- Born: 14 September 1892 Coventry, England
- Died: 1968 (aged 75–76)
- Allegiance: United Kingdom
- Branch: Royal Flying Corps
- Service years: 1915–1926
- Rank: Lieutenant
- Unit: Royal Warwickshire Regiment No. 48 Squadron RFC
- Conflicts: World War I
- Awards: Military Cross

= Laurence W. Allen =

Laurence Wilfred Allen was an English World War I flying ace. He was credited with ten confirmed victories while serving as an observer/gunner in Bristol F.2 Fighters.

==Early life==

Lieutenant Laurence Wilfred Allen, alias Laurence William Allen, was born in Coventry, England on 14 September 1892.

==World War I==

Allen was originally a member of the Territorial Army, being commissioned as a second lieutenant in the Warwickshire Regiment on 20 November 1915 before switching to aviation.

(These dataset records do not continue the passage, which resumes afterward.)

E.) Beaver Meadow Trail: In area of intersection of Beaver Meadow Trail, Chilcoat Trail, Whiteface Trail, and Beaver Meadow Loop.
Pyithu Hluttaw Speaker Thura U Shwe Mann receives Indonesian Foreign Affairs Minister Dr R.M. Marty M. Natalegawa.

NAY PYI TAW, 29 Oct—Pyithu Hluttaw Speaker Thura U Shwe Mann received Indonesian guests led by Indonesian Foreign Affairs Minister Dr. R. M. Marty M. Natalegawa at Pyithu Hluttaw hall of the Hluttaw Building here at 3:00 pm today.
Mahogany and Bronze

On 5 April 1917, after being assigned to No. 48 Squadron RFC in France, he scored his first aerial victory while crewed with pilot Captain Alan Wilkinson in a Bristol F.2a Fighter. This was the Bristol's first day in action, and the Wilkinson/Allen success came on the heels of the new aircraft's first, disastrous patrol. On 9 April, Allen and Wilkinson shared two more victories with Captain John Letts and his observer. On 11 April 1917, Second Lieutenant Allen was officially seconded to the Royal Flying Corps.

By the end of Bloody April, Allen's score had reached seven. He scored twice in May while being piloted by Letts, being wounded in action on 24 May 1917 while downing his ninth foe. His Military Cross was gazetted two days later.

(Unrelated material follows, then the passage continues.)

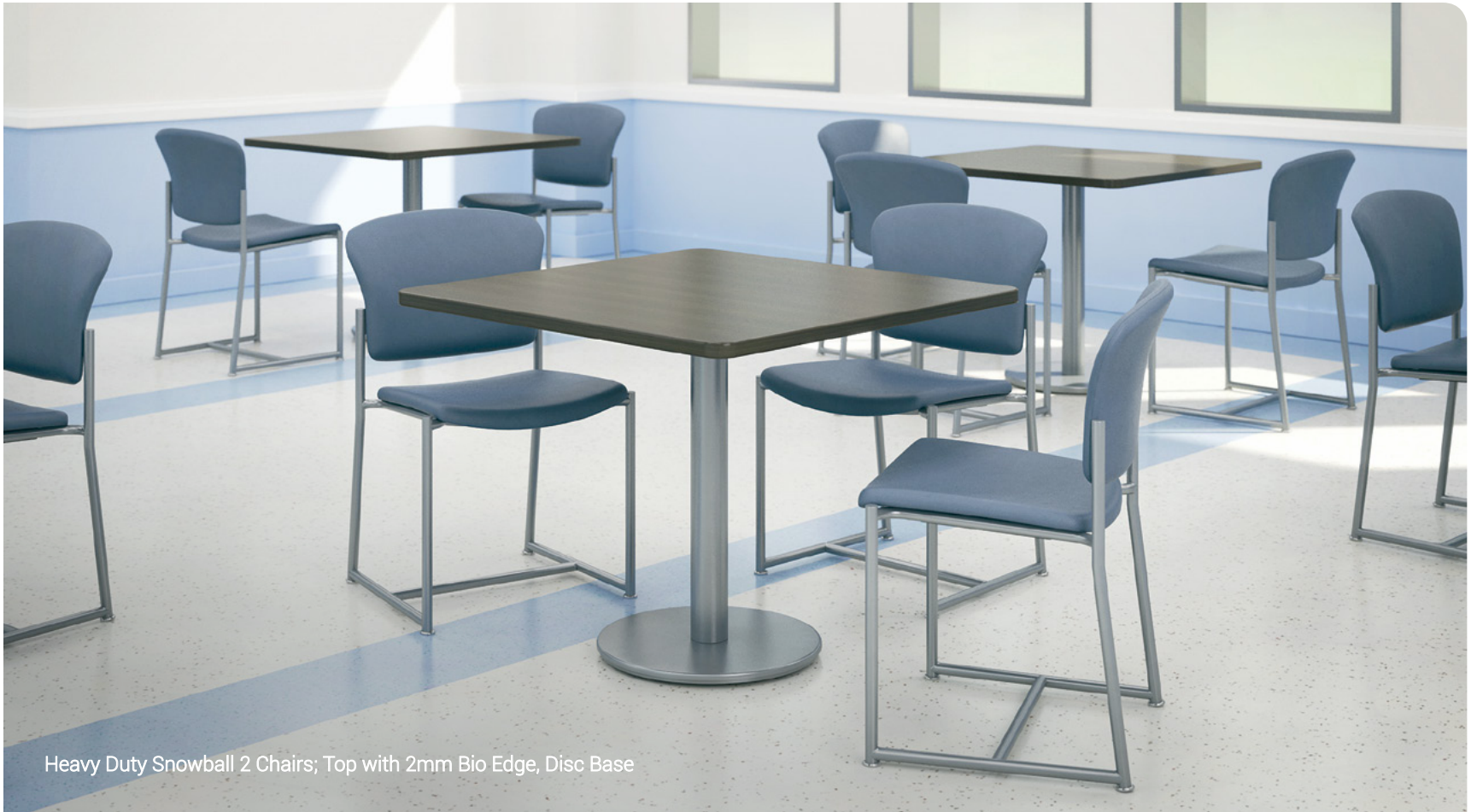
Heavy Duty Snowball 2 Chairs; Top with 2mm Bio Edge, Disc Base

He would score once more, on 16 June 1917. His final tally included: an Albatros D.III destroyed singlehanded; two more D.IIIs destroyed in victories shared with other aircrews; a two-seater reconnaissance plane and four D.IIIs singlehandedly driven down out of control; two Albatros D.IIIs driven down and shared with other aircrews.

==Post World War I==
Allen was transferred to the Class A Reserves of the Royal Air Force on 1 September 1922.

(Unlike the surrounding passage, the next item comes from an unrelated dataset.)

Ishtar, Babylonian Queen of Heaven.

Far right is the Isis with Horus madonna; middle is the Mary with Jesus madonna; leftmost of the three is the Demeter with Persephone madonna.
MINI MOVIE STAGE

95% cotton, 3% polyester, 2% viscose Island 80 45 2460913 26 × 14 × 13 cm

On 17 February 1926, he was slightly injured in the crash of Wolf no. G-EDHJ at Whitby Aerodrome. On 30 March, he transferred into the Class C Reserves. On 1 September 1926, Flying Officer Laurence Wilfred Allen completed his military service and gave up his commission.

He died in 1968 in Coventry.

==Honours and awards==
- Military Cross

2nd Lt. (temp. Lt.) Laurence Wilfred Allen, R. War. R., attd. R.F.C.

 For conspicuous gallantry and devotion to duty when acting as an observer. On many occasions he has helped to shoot down and destroy hostile machines. He has shown the greatest coolness and skill on all occasions, frequently clearing difficult jams in the middle of a fight.